Der vorläufige Auftragseingang lag im vierten Quartal mit 637 Mio. Euro unter dem Niveau des Vorjahres (678 Mio. Euro). Im vorläufigen Auftragseingang enthalten sind Währungseffekte von 12 Mio. Euro. Der vorläufige Umsatz stieg auf 746 Mio. Euro (Vorjahr: 715 Mio. Euro). Davon entfielen 19 Mio. Euro auf Währungseffekte. Das vorläufige Ergebnis der betrieblichen Tätigkeit ohne Sondereinflüsse verbesserte sich im Berichtsquartal auf 30 Mio. Euro nach 11 Mio. Euro im Vorjahresquartal. Im vierten Quartal allein betrugen die negativen Sondereinflüsse 24 Mio. Euro, was vor allem auf Rückstellungen für Büroflächenreduzierungen, Standortkonzentrationen und fortlaufende Optimierungen zurückzuführen ist. Der vorläufige Free Cashflow lag in Q4 aufgrund von Auszahlungen im Rahmen der Restrukturierung bei minus 16 Mio. Euro (Vorjahr: minus 47 Mio. Euro).
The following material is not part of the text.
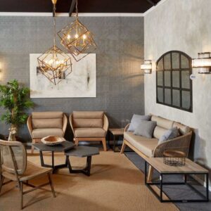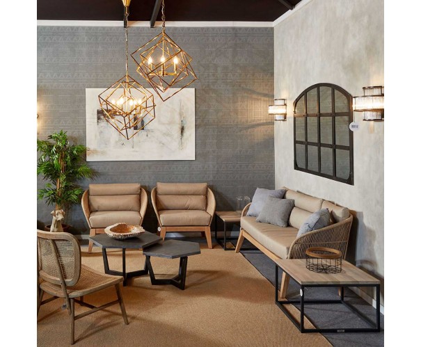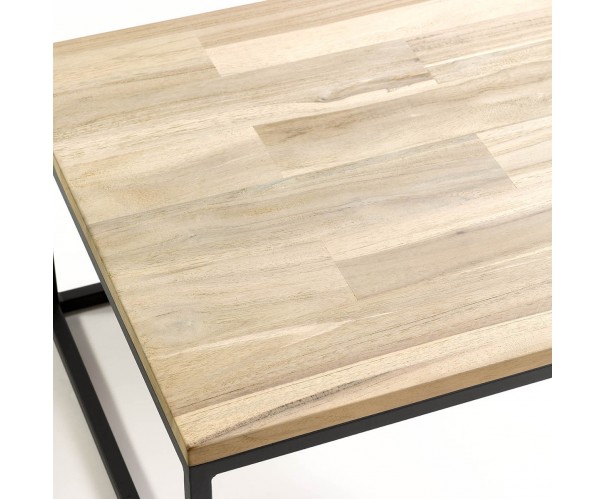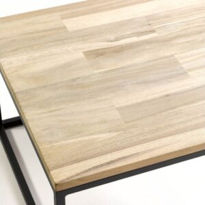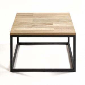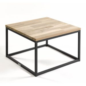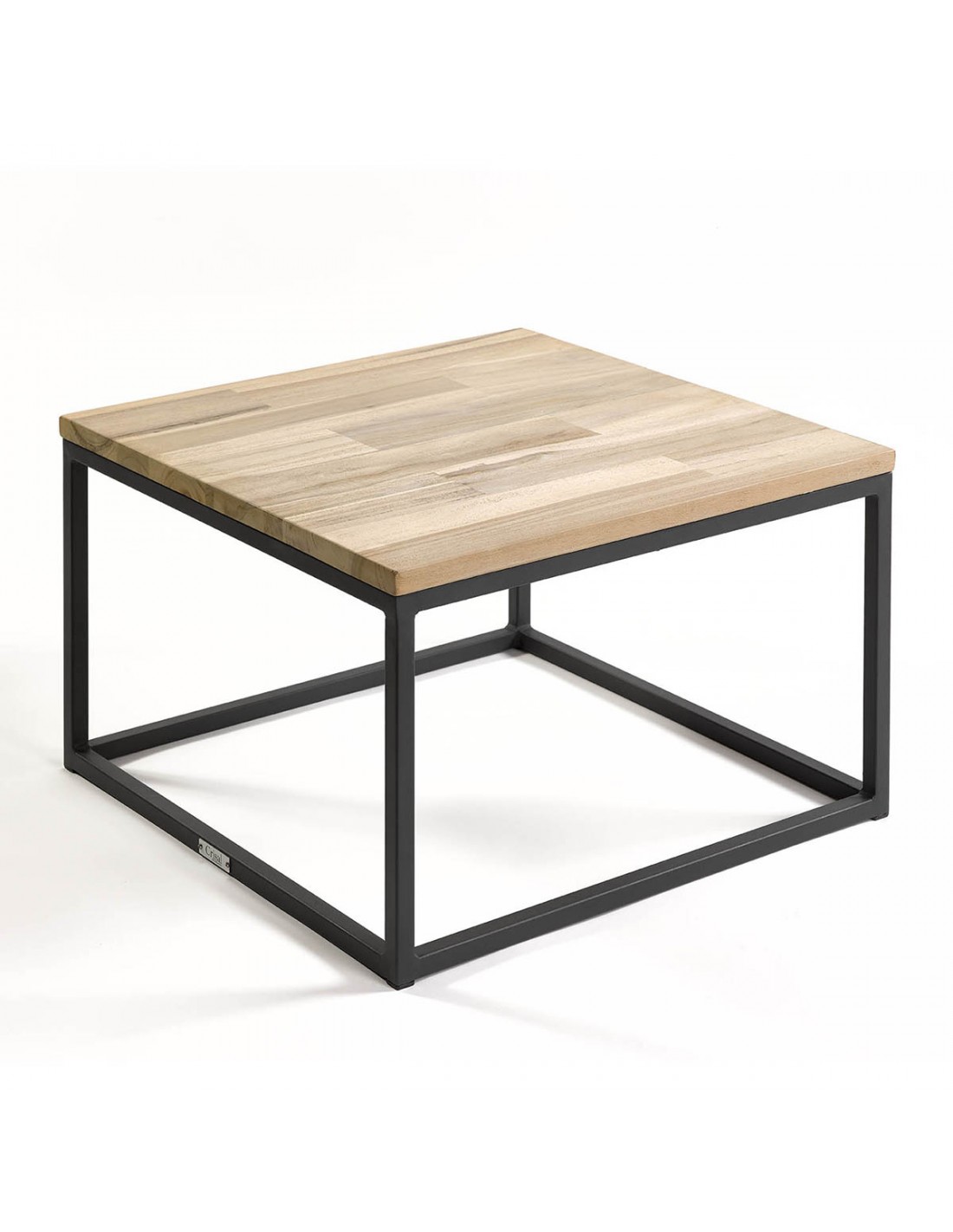 Mesa de centro cuadrada para exterior de metal color grafito y madera de teca. Ideal para zonas de descanso en tu ambiente de exterior o porche.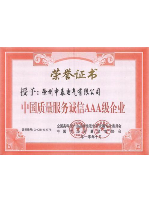 中国质量服务诚信AAA级企业

Zum 31. März 2011 waren weltweit 15.828 Mitarbeiter bei der Heidelberg Gruppe beschäftigt (Vorjahr: 16.496 Mitarbeiter).

Weitere Informationen über das Unternehmen finden Sie unter www.heidelberg.com.

Weitere Termine:

Die Veröffentlichung der endgültigen Zahlen für das Geschäftsjahr 2010/11 ist für den 16. Juni 2011 vorgesehen.

Wichtiger Hinweis:

Diese Erklärung enthält in die Zukunft gerichtete Aussagen, welche auf Annahmen und Schätzungen der Unternehmensleitung der Heidelberger Druckmaschinen Aktiengesellschaft beruhen. Auch wenn die Unternehmensleitung der Ansicht ist, dass diese Annahmen und Schätzungen zutreffend sind, können die künftige tatsächliche Entwicklung und die künftigen tatsächlichen Ergebnisse von diesen Annahmen und Schätzungen aufgrund vielfältiger Faktoren erheblich abweichen. Zu diesen Faktoren können beispielsweise die Veränderung der gesamtwirtschaftlichen Lage, der Wechselkurse und der Zinssätze sowie Veränderungen innerhalb der grafischen Industrie gehören. Die Heidelberger Druckmaschinen Aktiengesellschaft übernimmt keine Gewährleistung und keine Haftung dafür, dass die künftige Entwicklung und die künftig erzielten tatsächlichen Ergebnisse mit den in dieser Presseerklärung geäußerten Annahmen und Schätzungen übereinstimmen werden.